» **What is required**: The lines below from the one with "Turmalin und Rhodolith" up to and including the one with "HARITA.ID – Koramil" are what you should set down, exactly and without pictures.

» **Exercise data**:
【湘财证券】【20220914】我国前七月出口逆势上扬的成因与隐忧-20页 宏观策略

--

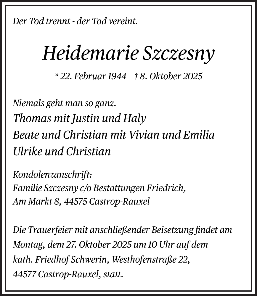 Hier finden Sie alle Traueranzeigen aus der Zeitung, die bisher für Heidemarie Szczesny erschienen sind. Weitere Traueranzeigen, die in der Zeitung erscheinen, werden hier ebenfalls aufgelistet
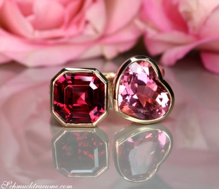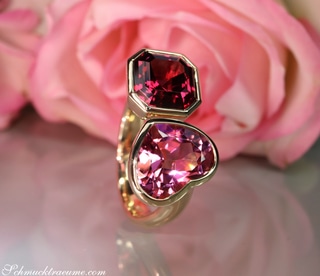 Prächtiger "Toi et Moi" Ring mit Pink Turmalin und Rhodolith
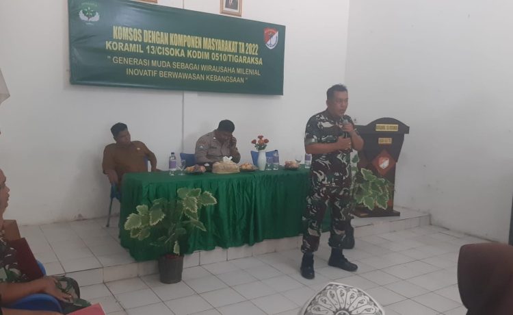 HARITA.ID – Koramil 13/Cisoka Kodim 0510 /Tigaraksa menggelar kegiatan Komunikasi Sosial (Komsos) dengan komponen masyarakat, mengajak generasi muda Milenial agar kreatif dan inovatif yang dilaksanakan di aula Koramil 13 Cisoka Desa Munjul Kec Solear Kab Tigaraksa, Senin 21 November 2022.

» **Reply**:
 Prächtiger "Toi et Moi" Ring mit Pink Turmalin und Rhodolith
 HARITA.ID – Koramil 13/Cisoka Kodim 0510 /Tigaraksa menggelar kegiatan Komunikasi Sosial (Komsos) dengan komponen masyarakat, mengajak generasi muda Milenial agar kreatif dan inovatif yang dilaksanakan di aula Koramil 13 Cisoka Desa Munjul Kec Solear Kab Tigaraksa, Senin 21 November 2022.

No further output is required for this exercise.